A gauche évidemment on a déploré la suppression de cet article qui « permettait au moins de commencer à sortir d’une forme d’hypocrisie qui fait que des milliers de personnes qui travaillent en France le font sans papiers et donc sans droit » a résumé le communiste Ian Brossat. « Ce projet de loi marchait sur deux jambes, celle des horreurs et celle des douceurs. Il est désormais amputé de cette jambe. La véritable nouvelle, c’est que vous préférez perdre l’honneur pour garder une loi que de perdre un vote et garder la face » s’est emportée l’écologiste Mélanie Vogel dépitée.
C’est donc un article 4 bis qui est venu remplacer l’article 3 supprimé. Il prévoit de durcir les critères prévus par la circulaire Valls entrée en vigueur en 2022 qui autorisait la demande de titre de séjour aux étrangers en situation irrégulière qui vivent en France depuis au moins cinq ans, qui ont travaillé au moins huit mois dans les deux dernières années et disposent d’un contrat de travail ou d’une promesse d’embauche.

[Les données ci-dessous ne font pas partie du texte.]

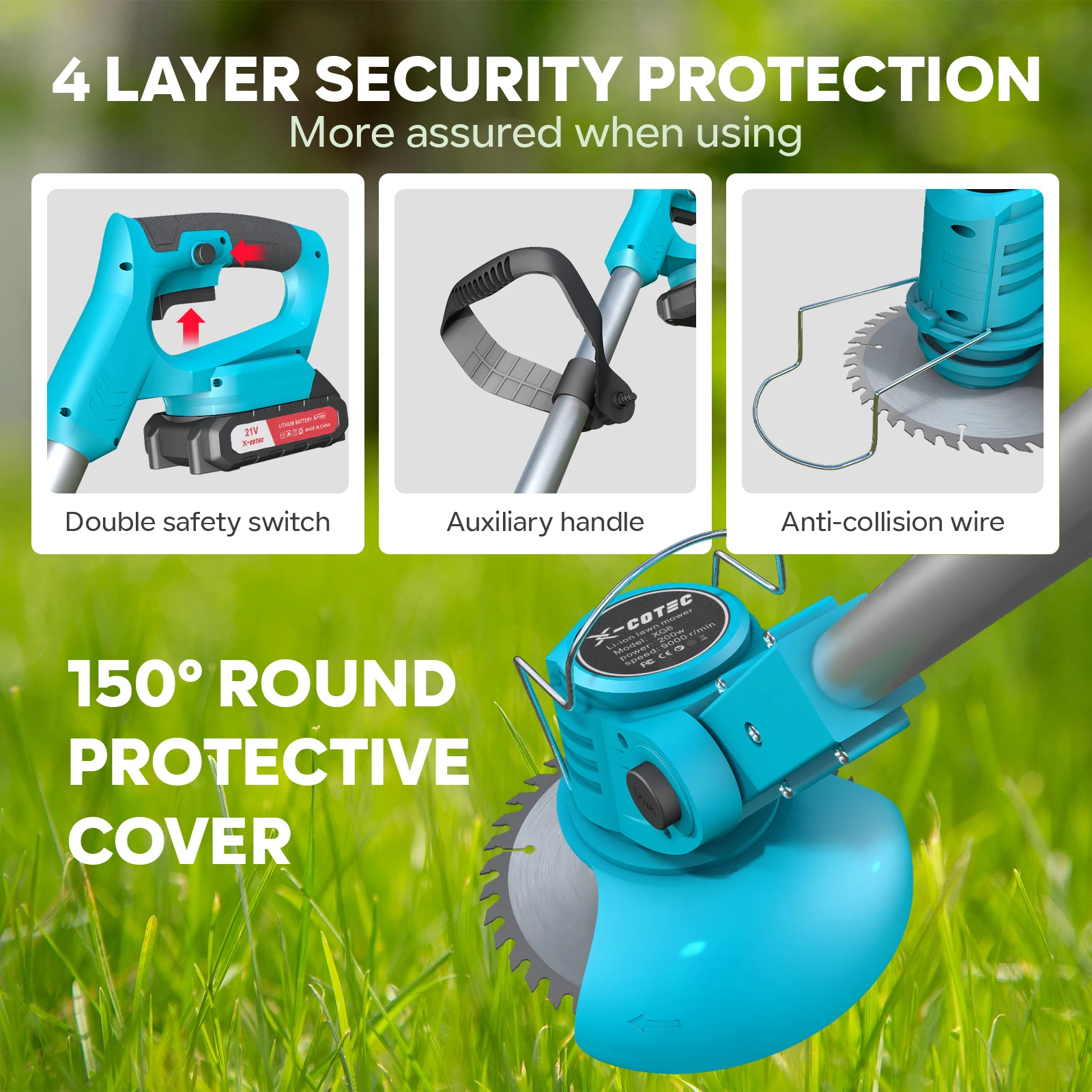 The dual start-up switch to a large extent guarantees the user’s security and avoids injury caused by an accidental start-up. The lawn mower can only be started by pressing both switches simultaneously; the 150 ° protective hood can block most grass mowers and flying drink chips; the auxiliary mobile handle can adjust the fixed height according to the user’s usage habits, size and other factors, Which constitutes a very ergonomic design; Anti-collision thread can prevent the blade from touching hard objects such as stones when the lawn mower is in use, causing damage to the blade and bodily injury.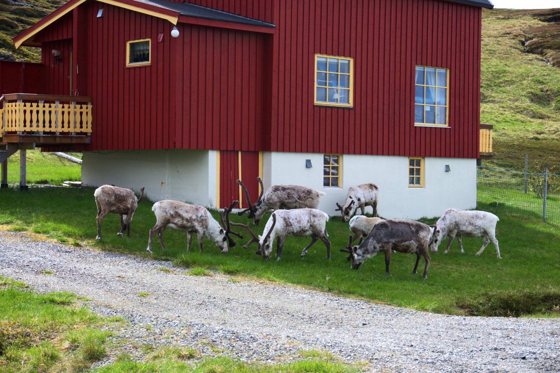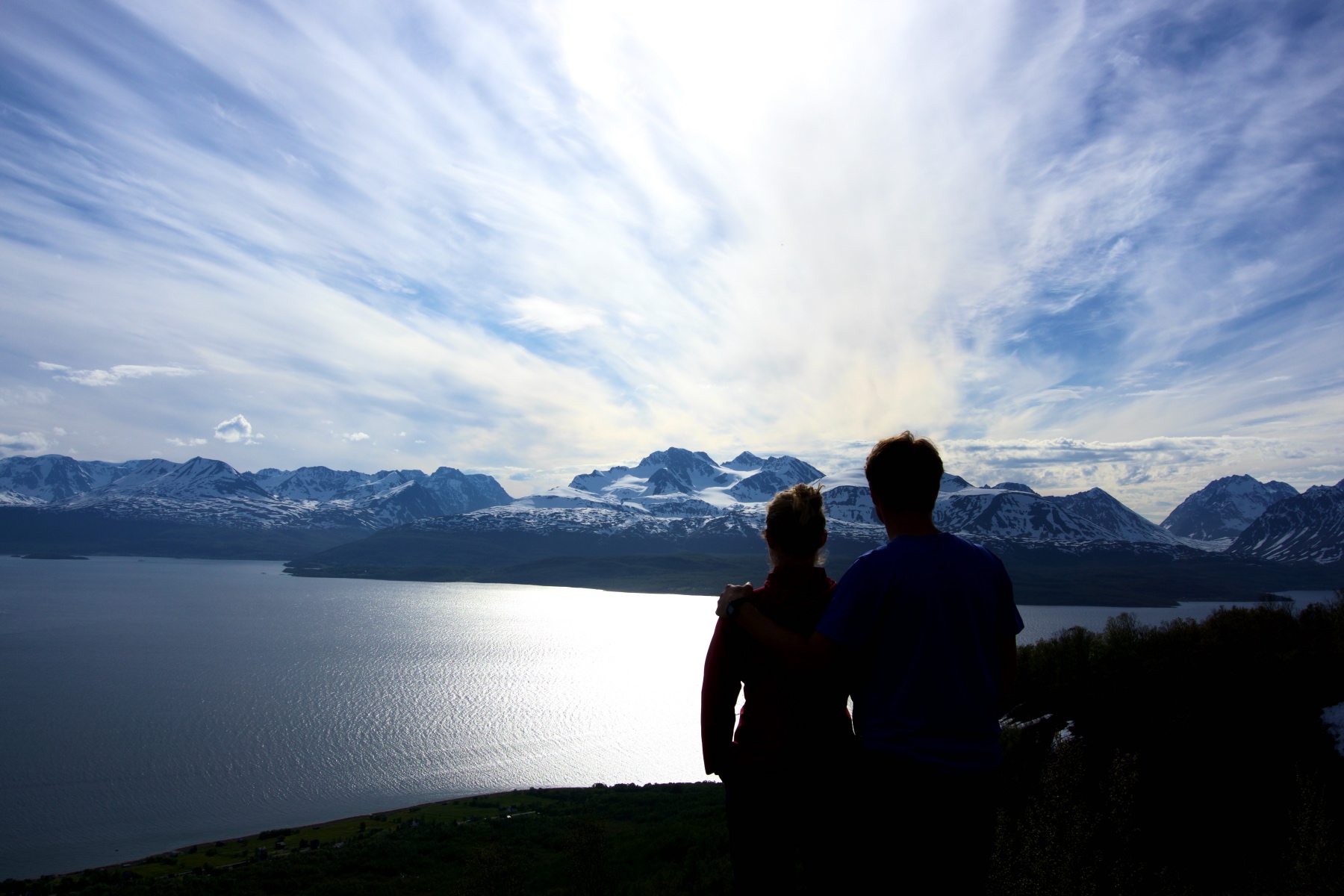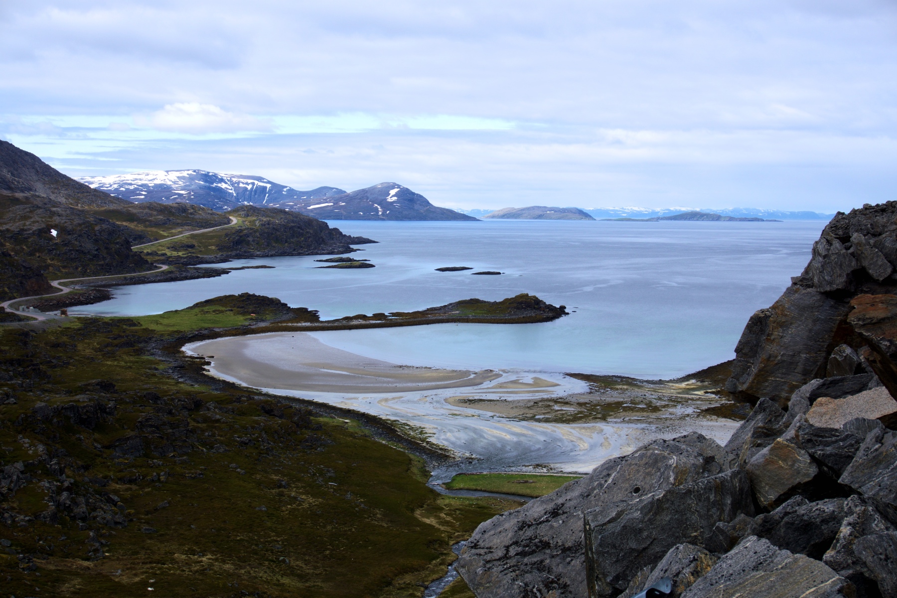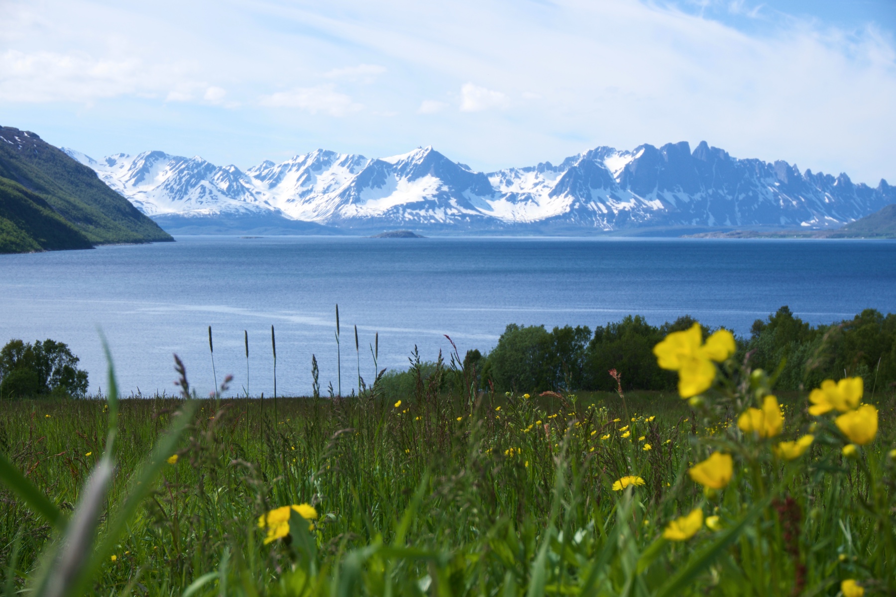 Es wird nicht dunkel, einfach nicht dunkel, ums Verrecken nicht dunkel … und wir finden es wunderbar. Mit dem Sonnenschein kommen uns die 6 Grad dann wenigstens nicht gar so kalt vor – und wir bleiben von Mücken verschont. Zudem gibt es keine schönere Farbkombi für Fotos, als das Weiß der Bergspitzen, das Schwarz-grau der Felsen, das strahlende Blau des Himmels und Wassers und das satte (oder auch saftige) Grün der Wiesen. Zwar mussten wir unsere Bergtouren entsprechend langsam gestalten, da wir ein Foto nach dem anderen schossen. Aber das machte uns überhaupt nichts aus, die Sonne ging ja eh nicht unter.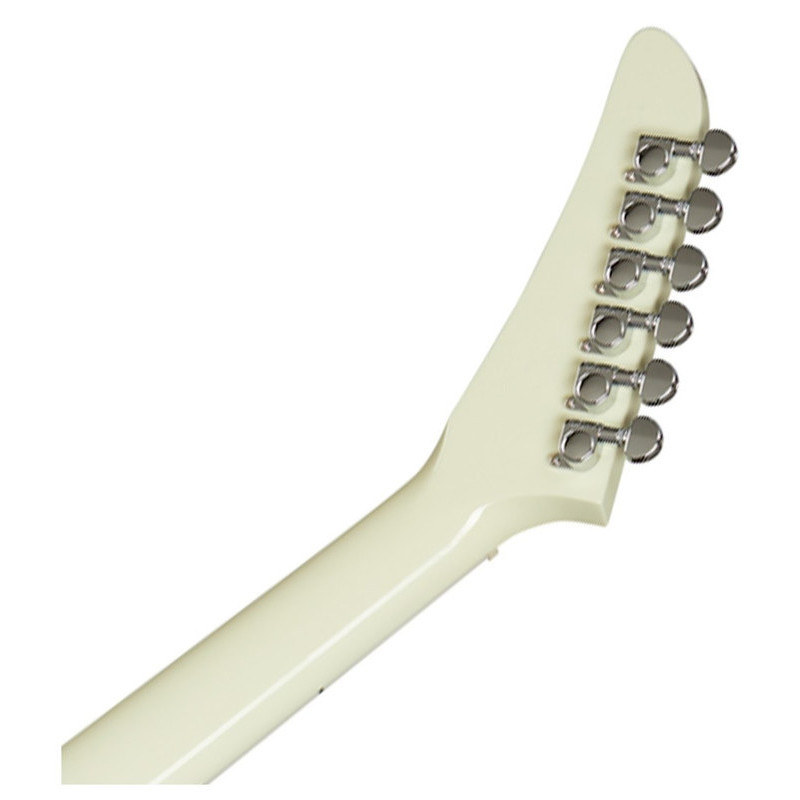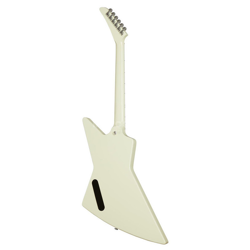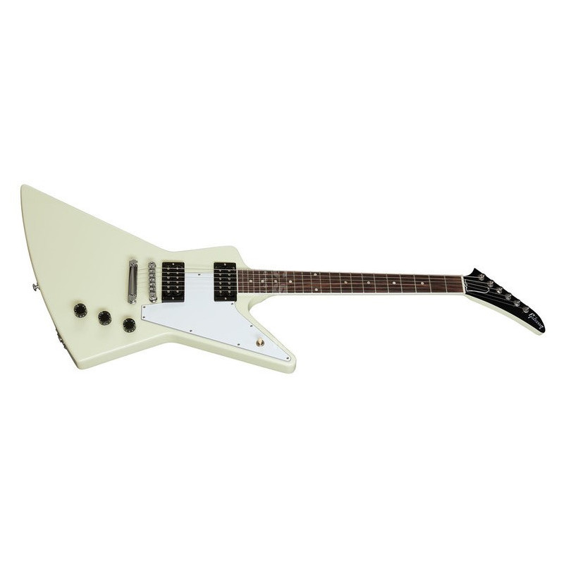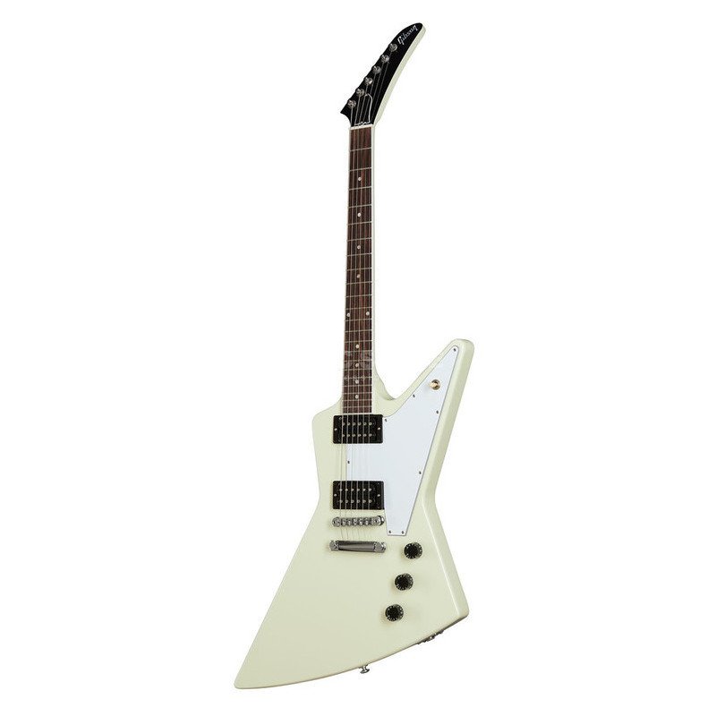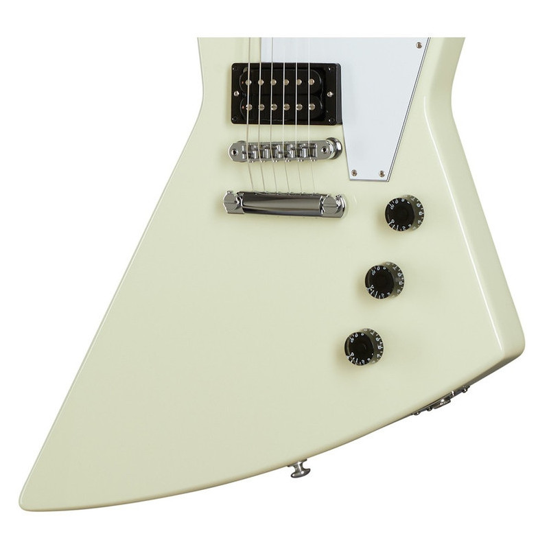 GIBSON EXPLORER 70s CLASSIC WHITE - електрогітара, тип: правий, кількість струн: 6, колір: білий, кількість ладів: 22, звукові колектори: H-H, тремоло: ні, деку матеріал: червоне дерево, стерв'ятниковий матеріал: червоне дерево / палісандер, мензура: 24.75" (629 мм), форма тіла: Explorer, Explorer Тип кріплення для горловини: склеєний, стерв'ятниковий профіль: Slim Taper, регулює: 2 об'єму, 1 тон, 3-позиційний перемикач, міст: Алюмінієвий Нешвілл Tune-O-Matic, уколи: Grover Mini Rotomatics, incrux: на гриф у вигляді акрилових точок, гарантія: 12 місяців (на механічні компоненти), обрізка: гітара, корпус.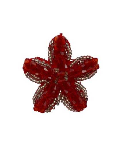 Applicazione Cucibile Fiore Ø 4,5 cm Ricamo con Perline Rosse e Argento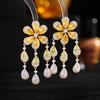 Aretes de temperamento elegante de moda de lujo ligero, aretes de flor de circonita de alta gama para vestido de fiesta con adelgazamiento facial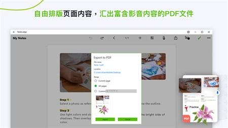 NoteLedge提供自由的创作空间,可随心编排笔记内容,拼贴灵感,串连想法。使用智慧排版工具轻松编排页面,完成的多媒体笔记可导出为富含影音PDF格式分享。无论是创意专案、课堂笔记、个人记事、创意发想或灵感收集,NoteLedge让你一手掌握重点笔记,随身带着走!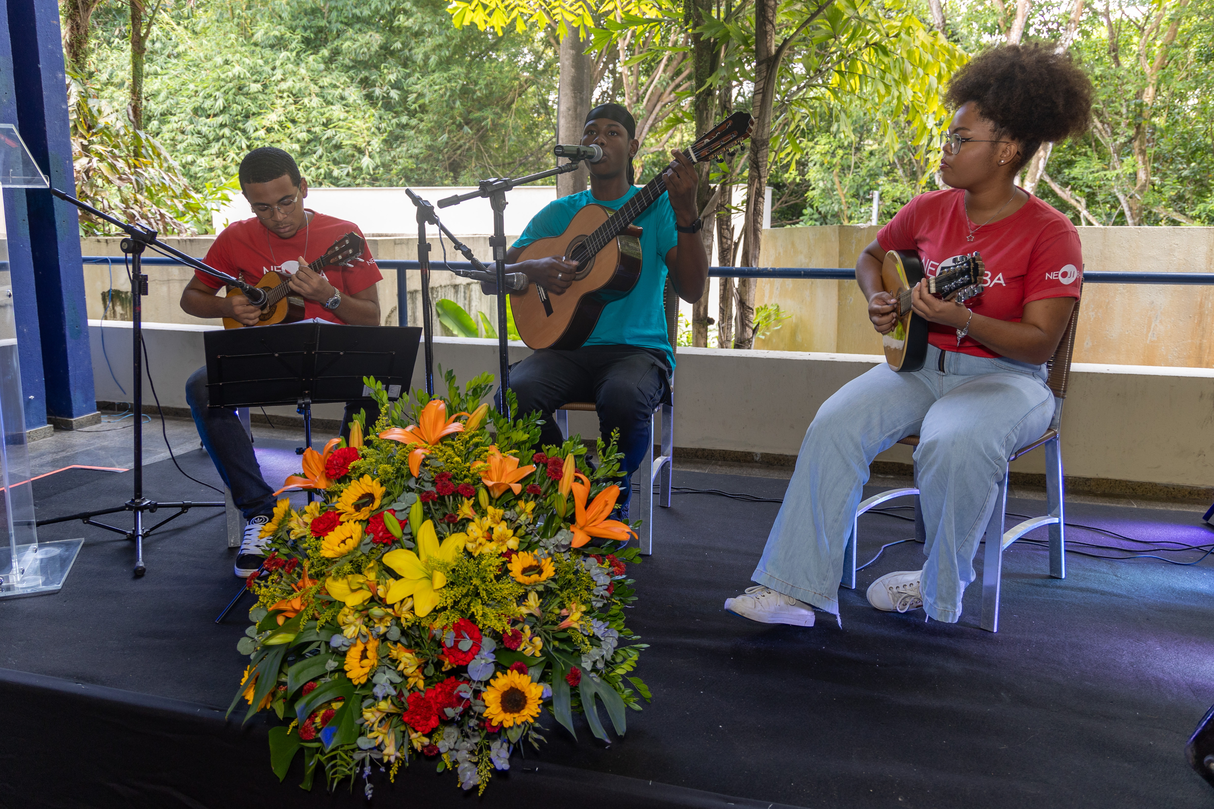 Autoridades e representantes de entidades sociais permaneceram no Espaço de Convivência, onde aconteceu a assinatura da Política de Equidade de Gênero, Raça e Diversidade da Procuradoria Geral do Estado da Bahia, celebrada ao final com a apresentação de um trio de cordas da Orquestra NEOJIBA (Núcleos Estaduais de Orquestras Juvenis e Infantis da Bahia), formado por Pedro Souza, Eliseu Henrique e Zaila Gois.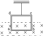 如图所示,正方形线框 abcd 的总电阻为0.04Ω,质量为  6.4g,边长为0.4m,用绝缘丝线竖直悬挂,其 ab 边水平.图中两虚线之间是垂直于线框平面向里的匀强磁场,磁场上边界正好通过ac和bd的中点.磁感应强度从0.2T开始以0.1T/s的变化率均匀增大. 问:
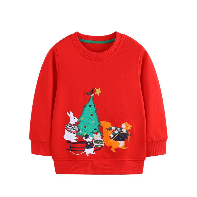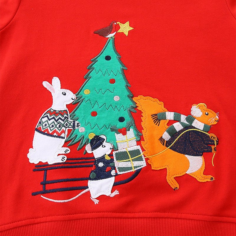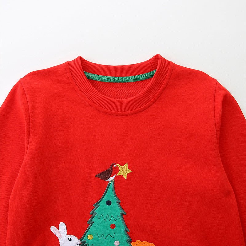 Hop into the holiday spirit with this adorable red sweatshirt featuring festive Christmas tree and bunny embroidery! Perfect for little ones who love seasonal charm, this cozy pullover combines comfort with whimsical design. The soft fabric keeps kids warm during chilly days, while the charming embroidered details make it an instant favorite for holiday gatherings, family photos, and winter adventures. A delightful way to spread joy and festive cheer!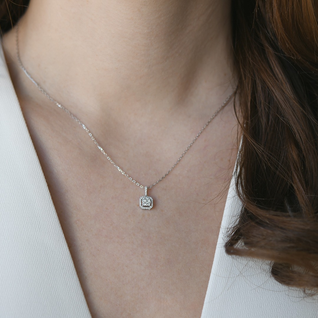 Lanț din aur alb de 18K și pandantiv cu Diamante naturale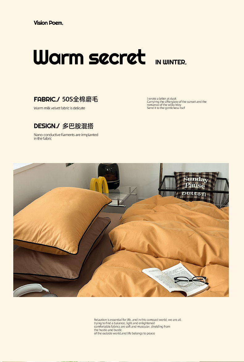 当前位置: 91家纺网 > 商品网购 > 床品套件 > 四件套 > 普通磨毛四件套 > 三朵家纺 2025新款50支加厚全棉纯棉磨毛混搭四件套-美拉德系列 天橙色

L’article 4 bis inscrit dans la loi en la durcissant cette circulaire. Désormais c’est à « titre exceptionnel » et non plus « de plein droit » qu’un travailleur clandestin pourra prétendre à la régularisation. Il devra pour cela avoir travaillé pendant au moins douze mois sur les deux dernières années dans des « métiers et zones géographiques caractérisés par des difficultés de recrutement ». Et pour se voir délivrer une carte de séjour de « travailleur temporaire » ou de « salarié » d’un an, il devra justifier d’au moins trois ans de résidence ininterrompue en France.